Aug 26

A unified markov random field/marked point process image model and its application to computational materials

Both Markov Random Field (MRF) and Marked Point Process (MPP) models have their limitations in image analysis. While MRF is a pixel-based representation, it is useful for imposing local constraints, but global constraints are not easily modeled. On the contrary, it is convenient to model global constraints, such as geometric shape and object interactions, within the MPP  framework. However, such object-based MPP model has limited capability for imposing local constraints such as pixel-wise interactions. We have proposed a combined MRF/MPP model to incorporate local and global constraints within one unified framework. Unlike MRF or MPP, which only utilizes either local or global constraint for image analysis, our hybrid model addresses both constraints at pixel and object level simultaneously.
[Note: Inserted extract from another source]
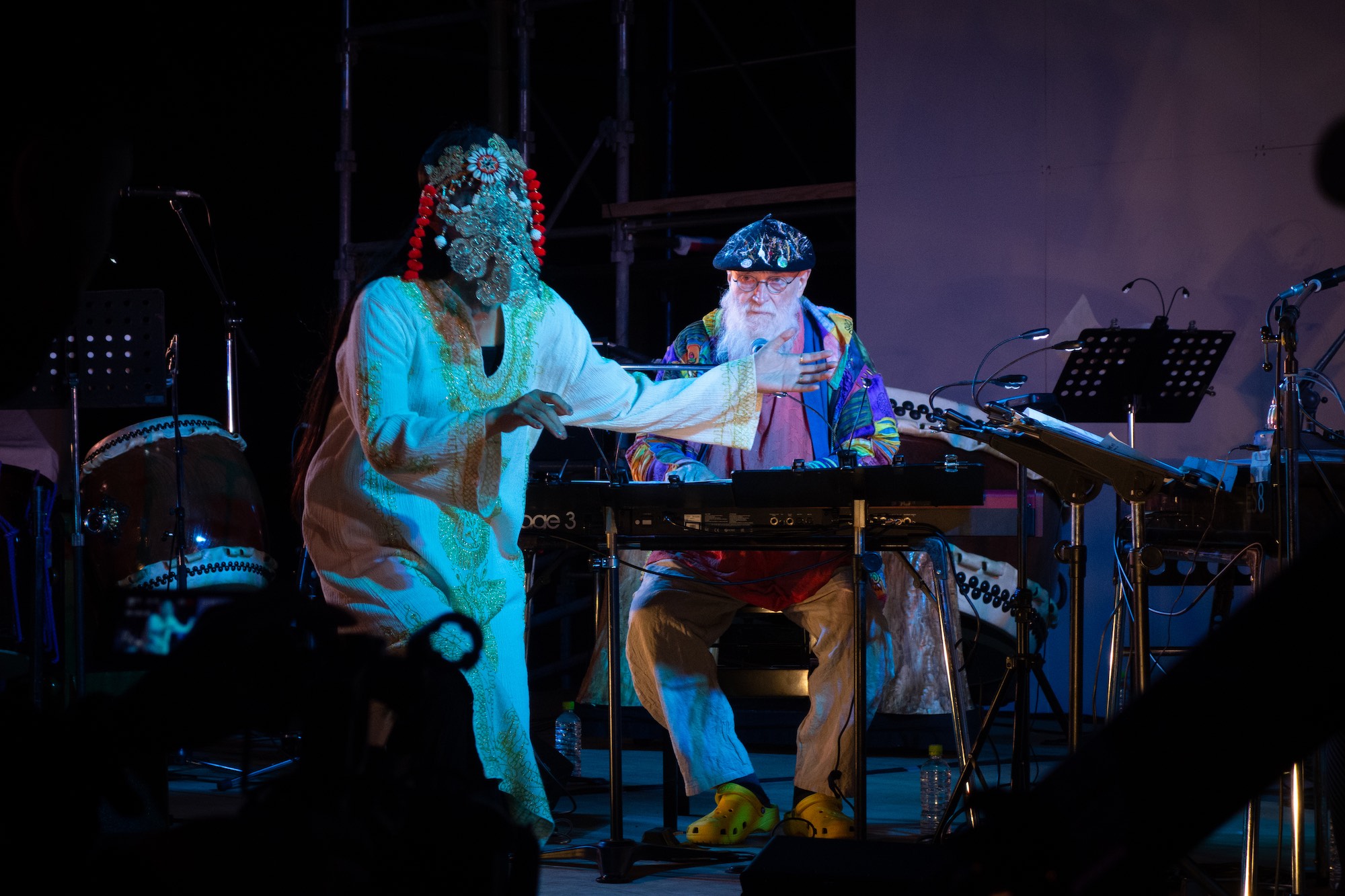 - Terry Riley 现场音乐会情景。他在去年的佐渡岛银河艺术节中参与凌晨五点开始的现场音乐会,有八十多位观众欣赏他富有实验性的表演。

Let X denote the segmented image, W the object field and Y the observed image. X and Y are defined on a lattice S; s \in S represents a pixel site. \Omega _{x} and \Omega_{w} denote the space of all possible realizations of X and W. (w_1,...,w_n)\in \Omega _{w} is an object field realization, with each w_i being an object. Let D_{w_{i}}\subset S be the pixel site region projected by w_{i} onto the image lattice. Then we can define the segmentation of object i as x_{w_{i}}=x\bigcap D_{w_{i}}, i.e., the segmentation x restricted to the region D_{w_i}.

A non-homogeneous Gibbs process is introduced to represent the hybrid model. For this process, the neighborhood system is defined as: w_{i} and w_{j} are neighbors, denoted w_{i} \sim w_{j}, if D_{w_{i}} intersects D_{w_{j}}. The energy function for the Gibbs distribution is

 V (w|y) = \sum\limits_{{w_i \in W}} {({V _o}({y|w_i}) + {V _s}({x_{w_i}^{MAP}}))} + \sum\limits_{{w_i} \sim {w_j} } {{V _p}({w_i},{w_j})} \

where V_o(y|{w_i}) is an energy potential describing how well object w_i fits the observed image, V_s({x_{{w_i}}^{MAP}}) is an energy potential based on the likelihood of the MAP segmentation for object w_i, and V_p({w_i},{w_j}) is a geometric prior, describing the interactions between objects.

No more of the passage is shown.